Achtung: Viele Links auf einer Seite sind noch kein Beweis. Entscheidend ist, ob die verlinkten Belege die Aussage wirklich stützen.


Frage 6: Was sagt eine zweite Quelle?

Vergleiche eine wichtige Aussage mit mindestens einer zweiten, möglichst unabhängigen Quelle. Zwei Webseiten sind nicht wirklich unabhängig, wenn die zweite nur den Text der ersten kopiert.

Wikimedia Commons, CC0: Schutz vor Fehl- und Desinformation.

Ein guter Vergleich fragt: Stimmen die Kernaussagen überein? Gibt es Unterschiede? Welche Quelle erklärt genauer? Welche nennt Belege? Welche hat einen erkennbaren Zweck?

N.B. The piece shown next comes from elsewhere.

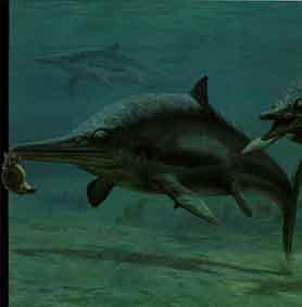 Первые ихтиозавры появились еще в триасе. Эти рептилии идеально приспособились к жизни в неглубоких морях юрского периода. Они обладали обтекаемым туловищем, плавниками разной величины и длинными узкими челюстями. Крупнейшие из них достигали в длину примерно 8 м, однако многие виды по размеру не превышали человека. Это были великолепные пловцы, питавшиеся главным образом рыбой, кальмарами и наутилоидеями. Хотя ихтиозавры относились к рептилиям, по их ископаемым останкам можно предположить, что они были живородящими, то есть производили на свет готовое потомство, как млекопитающие. Возможно, детеныши ихтиозавров рождались в открытом море, подобно китам.

„Fake News – Auf Spurensuche mit FINN“ bietet dazu ein kindgerechtes Übungsmodul.


Die Quellen-Ampel

Die Ampel ist eine Lernhilfe, kein automatischer Wahrheitsdetektor.

Farbe Typische Situation Dein nächster Schritt
Grün Anbieter und Autor nachvollziehbar, passendes Datum, Zweck erkennbar, Belege vorhanden, zweite Quelle bestätigt Wesentliches Information kann mit Quellenangabe genutzt werden.
Gelb Ein oder mehrere Punkte sind unklar Weiterprüfen, bessere zweite Quelle suchen, Unsicherheit benennen.
Rot Verantwortung unklar, keine Belege, starke Täuschungssignale, veraltete oder widersprüchliche Angaben Nicht einfach übernehmen; gezielt nach verlässlicheren Quellen suchen.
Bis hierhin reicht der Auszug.